第5回 手づくり法制審議会議事録(12月分)

日時:2021年12月11日(土)15:00~17:00

場所:東京都文京区全労会館 3階会議室

パネリスト:

[ゲスト]古賀礼子弁護士

司会 宗像充

松村直人/加茂大治

配信 佐藤創/羽田ゆきまさ

書記 大山直美

内容:前半「やりなおし!法制審」動画配信15:10~16:00

後半 参加者と議論、勧告策定

議題:既に公開された、法制審議会家族法制部会第7回会議 議事録をもとに、市民レベルで検証する。

松村氏による論点の提示と見解

1)法制審議会とは法務省が設置する、法律の立法や答申の役割が与えられた重要な会議である。

2)12月11日現在、第9回まで開催されたが、公開された議事録は第7回までなので、当団体として今回扱うのはここまで。

3)相変わらず社会として「家族をどのようにデザインするか」の議論をしないので法制審の答申は作れない。

4)松村氏の情報公開請求により「法政審全体の議論状況」という資料が入手できた。

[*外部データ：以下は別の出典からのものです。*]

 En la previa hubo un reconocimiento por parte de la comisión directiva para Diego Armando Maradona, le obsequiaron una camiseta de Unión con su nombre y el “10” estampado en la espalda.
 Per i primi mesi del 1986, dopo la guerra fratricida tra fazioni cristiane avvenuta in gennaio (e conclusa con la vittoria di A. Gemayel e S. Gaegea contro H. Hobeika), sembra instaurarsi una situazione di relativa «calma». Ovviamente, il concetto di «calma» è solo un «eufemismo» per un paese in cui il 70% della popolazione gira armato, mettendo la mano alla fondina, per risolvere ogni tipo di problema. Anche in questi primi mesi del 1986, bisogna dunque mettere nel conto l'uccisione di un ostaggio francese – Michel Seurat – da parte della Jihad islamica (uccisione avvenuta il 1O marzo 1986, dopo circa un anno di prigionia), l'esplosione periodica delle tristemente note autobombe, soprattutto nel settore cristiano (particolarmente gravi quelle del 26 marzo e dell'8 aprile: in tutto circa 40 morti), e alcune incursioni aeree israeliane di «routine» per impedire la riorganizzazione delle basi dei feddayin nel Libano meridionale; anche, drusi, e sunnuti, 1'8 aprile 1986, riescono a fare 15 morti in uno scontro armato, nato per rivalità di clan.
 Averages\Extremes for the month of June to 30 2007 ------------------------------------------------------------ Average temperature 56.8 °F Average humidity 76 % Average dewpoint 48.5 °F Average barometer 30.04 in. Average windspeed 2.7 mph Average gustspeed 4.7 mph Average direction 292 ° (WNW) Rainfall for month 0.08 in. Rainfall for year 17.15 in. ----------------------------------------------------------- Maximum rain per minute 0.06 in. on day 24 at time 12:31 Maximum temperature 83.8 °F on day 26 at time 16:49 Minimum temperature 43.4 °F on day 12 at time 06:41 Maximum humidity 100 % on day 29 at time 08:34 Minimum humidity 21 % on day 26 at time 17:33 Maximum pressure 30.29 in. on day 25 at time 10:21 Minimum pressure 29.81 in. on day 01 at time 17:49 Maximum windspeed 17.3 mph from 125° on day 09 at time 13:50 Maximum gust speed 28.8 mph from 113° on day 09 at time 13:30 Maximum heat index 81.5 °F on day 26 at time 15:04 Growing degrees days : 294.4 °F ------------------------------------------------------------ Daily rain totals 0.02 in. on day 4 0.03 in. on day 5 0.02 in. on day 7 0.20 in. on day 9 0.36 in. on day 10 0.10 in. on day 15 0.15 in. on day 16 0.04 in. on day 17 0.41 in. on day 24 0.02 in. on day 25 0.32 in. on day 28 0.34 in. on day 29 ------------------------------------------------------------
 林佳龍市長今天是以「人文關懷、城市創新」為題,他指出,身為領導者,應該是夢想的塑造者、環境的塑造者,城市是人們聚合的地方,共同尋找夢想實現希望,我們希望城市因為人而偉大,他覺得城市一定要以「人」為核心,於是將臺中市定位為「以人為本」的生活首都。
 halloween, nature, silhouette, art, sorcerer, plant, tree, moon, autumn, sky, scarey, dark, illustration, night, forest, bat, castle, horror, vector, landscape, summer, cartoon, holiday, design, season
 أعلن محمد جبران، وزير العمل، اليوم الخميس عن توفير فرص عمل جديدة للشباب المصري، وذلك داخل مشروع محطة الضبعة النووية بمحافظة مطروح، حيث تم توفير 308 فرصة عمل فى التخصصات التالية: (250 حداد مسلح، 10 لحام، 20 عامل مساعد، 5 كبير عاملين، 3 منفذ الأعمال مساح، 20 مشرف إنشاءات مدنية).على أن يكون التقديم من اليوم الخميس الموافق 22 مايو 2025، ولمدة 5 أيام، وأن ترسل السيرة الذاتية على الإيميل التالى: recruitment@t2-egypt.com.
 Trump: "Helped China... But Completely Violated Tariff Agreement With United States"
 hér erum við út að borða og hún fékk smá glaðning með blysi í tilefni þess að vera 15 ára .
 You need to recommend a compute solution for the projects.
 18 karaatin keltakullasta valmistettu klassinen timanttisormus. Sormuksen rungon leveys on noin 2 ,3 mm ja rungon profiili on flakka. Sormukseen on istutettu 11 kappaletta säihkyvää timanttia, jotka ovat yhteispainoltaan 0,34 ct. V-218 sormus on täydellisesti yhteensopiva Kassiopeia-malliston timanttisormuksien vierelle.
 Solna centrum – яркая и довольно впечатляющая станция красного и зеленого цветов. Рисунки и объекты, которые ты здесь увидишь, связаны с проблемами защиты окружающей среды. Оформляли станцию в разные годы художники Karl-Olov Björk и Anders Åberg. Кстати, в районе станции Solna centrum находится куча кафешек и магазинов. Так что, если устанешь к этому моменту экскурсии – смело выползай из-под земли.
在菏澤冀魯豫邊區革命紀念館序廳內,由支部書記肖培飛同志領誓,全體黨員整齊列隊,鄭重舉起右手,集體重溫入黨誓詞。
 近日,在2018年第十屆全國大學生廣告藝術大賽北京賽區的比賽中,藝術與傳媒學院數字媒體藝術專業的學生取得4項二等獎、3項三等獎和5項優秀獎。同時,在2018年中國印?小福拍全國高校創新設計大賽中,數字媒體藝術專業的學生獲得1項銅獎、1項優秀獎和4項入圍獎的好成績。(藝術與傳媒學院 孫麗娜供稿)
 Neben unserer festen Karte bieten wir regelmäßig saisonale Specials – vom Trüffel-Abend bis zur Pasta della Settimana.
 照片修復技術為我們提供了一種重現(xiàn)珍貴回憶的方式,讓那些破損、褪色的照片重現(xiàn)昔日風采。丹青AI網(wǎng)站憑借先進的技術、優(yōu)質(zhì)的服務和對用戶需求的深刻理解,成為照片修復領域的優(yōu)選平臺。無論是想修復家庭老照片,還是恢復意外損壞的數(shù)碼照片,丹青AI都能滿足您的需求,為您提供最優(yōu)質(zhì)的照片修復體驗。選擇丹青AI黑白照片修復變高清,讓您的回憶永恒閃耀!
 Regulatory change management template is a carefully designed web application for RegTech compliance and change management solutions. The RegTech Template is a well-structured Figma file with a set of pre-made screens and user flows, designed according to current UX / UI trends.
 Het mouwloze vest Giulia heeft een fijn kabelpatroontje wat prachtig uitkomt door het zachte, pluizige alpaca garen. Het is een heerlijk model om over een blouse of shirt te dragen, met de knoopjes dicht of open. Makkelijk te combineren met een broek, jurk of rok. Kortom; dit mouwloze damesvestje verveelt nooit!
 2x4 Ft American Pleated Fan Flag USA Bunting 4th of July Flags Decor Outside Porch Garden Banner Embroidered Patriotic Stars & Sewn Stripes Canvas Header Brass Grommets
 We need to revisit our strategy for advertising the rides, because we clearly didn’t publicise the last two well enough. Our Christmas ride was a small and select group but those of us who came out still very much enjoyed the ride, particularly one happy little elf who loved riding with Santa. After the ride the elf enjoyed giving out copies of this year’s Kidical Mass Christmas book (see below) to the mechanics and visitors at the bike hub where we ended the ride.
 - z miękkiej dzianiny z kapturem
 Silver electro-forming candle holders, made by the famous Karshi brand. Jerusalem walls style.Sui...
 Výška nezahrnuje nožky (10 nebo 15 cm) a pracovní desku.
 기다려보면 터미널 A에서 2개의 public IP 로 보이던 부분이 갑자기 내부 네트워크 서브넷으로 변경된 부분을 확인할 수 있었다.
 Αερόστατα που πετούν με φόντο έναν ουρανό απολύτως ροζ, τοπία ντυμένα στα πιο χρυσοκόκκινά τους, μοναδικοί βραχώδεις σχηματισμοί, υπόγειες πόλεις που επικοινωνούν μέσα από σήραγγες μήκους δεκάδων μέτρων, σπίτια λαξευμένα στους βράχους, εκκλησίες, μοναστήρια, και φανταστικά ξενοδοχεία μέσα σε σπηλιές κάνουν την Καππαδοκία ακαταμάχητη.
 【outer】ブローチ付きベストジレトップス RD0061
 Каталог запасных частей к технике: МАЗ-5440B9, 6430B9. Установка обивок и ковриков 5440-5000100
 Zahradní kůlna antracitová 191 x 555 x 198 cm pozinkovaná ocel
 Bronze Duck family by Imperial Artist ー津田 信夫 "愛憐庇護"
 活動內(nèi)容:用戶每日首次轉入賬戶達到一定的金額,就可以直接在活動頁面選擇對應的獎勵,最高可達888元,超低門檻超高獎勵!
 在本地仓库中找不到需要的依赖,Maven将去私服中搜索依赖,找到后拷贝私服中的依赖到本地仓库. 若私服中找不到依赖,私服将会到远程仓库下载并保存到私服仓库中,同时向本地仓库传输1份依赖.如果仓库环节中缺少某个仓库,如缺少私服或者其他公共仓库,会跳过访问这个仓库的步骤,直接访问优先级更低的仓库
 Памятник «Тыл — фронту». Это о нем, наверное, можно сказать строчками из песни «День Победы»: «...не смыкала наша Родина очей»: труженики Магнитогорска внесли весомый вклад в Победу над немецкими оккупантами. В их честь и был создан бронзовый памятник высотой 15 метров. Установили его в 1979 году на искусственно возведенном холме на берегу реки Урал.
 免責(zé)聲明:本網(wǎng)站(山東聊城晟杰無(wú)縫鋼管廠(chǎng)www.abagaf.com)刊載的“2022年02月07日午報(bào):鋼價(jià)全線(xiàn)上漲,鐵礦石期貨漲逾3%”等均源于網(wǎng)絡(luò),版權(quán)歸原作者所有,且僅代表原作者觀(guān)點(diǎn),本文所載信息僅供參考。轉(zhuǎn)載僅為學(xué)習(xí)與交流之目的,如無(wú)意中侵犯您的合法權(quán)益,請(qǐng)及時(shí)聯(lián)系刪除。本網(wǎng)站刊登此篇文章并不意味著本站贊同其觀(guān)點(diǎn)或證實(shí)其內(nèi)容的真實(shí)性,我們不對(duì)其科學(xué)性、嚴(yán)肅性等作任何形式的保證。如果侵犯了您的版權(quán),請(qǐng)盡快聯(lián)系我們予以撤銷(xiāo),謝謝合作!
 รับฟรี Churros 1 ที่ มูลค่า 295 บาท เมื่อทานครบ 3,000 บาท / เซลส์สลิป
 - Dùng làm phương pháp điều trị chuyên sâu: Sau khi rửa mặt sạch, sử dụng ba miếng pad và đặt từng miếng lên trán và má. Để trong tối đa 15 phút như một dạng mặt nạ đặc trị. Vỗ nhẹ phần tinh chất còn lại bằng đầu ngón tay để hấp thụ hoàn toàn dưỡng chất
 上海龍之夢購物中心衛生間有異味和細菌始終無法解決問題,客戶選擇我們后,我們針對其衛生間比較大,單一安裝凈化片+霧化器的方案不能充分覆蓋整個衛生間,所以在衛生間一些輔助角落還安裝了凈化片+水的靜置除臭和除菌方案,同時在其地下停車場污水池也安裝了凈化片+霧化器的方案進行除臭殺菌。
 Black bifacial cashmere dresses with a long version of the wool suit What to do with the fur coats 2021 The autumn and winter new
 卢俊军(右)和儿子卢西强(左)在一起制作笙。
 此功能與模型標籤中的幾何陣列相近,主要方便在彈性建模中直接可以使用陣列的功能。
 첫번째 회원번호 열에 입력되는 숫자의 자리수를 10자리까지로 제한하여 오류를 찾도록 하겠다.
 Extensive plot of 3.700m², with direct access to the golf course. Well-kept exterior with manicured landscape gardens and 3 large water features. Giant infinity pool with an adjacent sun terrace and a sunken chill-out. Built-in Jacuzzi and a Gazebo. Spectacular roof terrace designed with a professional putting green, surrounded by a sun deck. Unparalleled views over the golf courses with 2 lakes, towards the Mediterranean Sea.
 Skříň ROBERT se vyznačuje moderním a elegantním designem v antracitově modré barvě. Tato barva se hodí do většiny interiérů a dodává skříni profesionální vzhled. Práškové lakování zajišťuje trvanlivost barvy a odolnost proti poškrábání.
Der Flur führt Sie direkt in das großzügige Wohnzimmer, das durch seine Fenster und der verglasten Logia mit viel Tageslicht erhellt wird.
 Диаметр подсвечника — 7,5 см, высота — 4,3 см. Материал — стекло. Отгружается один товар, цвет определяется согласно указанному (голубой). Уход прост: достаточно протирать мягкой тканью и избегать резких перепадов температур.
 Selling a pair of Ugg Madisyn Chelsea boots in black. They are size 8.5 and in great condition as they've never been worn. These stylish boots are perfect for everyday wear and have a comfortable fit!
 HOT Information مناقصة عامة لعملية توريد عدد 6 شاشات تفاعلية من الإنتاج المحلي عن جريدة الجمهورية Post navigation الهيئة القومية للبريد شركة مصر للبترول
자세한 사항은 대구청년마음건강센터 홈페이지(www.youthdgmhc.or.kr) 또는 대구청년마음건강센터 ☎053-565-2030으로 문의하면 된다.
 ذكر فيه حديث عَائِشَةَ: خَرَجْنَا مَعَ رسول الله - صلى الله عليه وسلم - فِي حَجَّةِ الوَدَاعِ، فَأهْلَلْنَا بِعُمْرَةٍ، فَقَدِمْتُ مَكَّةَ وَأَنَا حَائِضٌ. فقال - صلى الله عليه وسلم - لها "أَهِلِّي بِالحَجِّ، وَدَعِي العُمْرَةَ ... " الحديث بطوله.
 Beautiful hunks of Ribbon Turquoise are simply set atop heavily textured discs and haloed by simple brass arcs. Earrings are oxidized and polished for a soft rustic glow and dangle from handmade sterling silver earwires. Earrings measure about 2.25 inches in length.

その資料によると、2022年1月より2巡目の検討が開始され、その後、中間試案、パブリックコメント、要項案とりまとめ、が行われる見通しであるという。

5)法政審で親権を巡る婚姻内外の問題の解決が見込めない今、政治が介入すべきである。

古賀氏の見解

戦後すぐの民法改正議論の真相について、『法律時報 第31巻11号10月号 1959年刊』の座談会報告が資料として紹介された。

戦後の民法改正時に、婚姻中の父母の意思が子の養育を巡って一致しない場合、どのように解決するか、という法的手当てがないという問題がはっきりと意識されていたにもかかわらず、戦前から長く続いてきた、子育てをしない家父長の立場の発想から、家の中のことを他所で決めることは男の沽券にかかわる、ということや、実際には、男女不平等の実態のあまり細君が家裁にかけ込むことはありえないだろう、といった考え方のもとに、立法不作為が今日まで脈々と続いてしまった経緯がある。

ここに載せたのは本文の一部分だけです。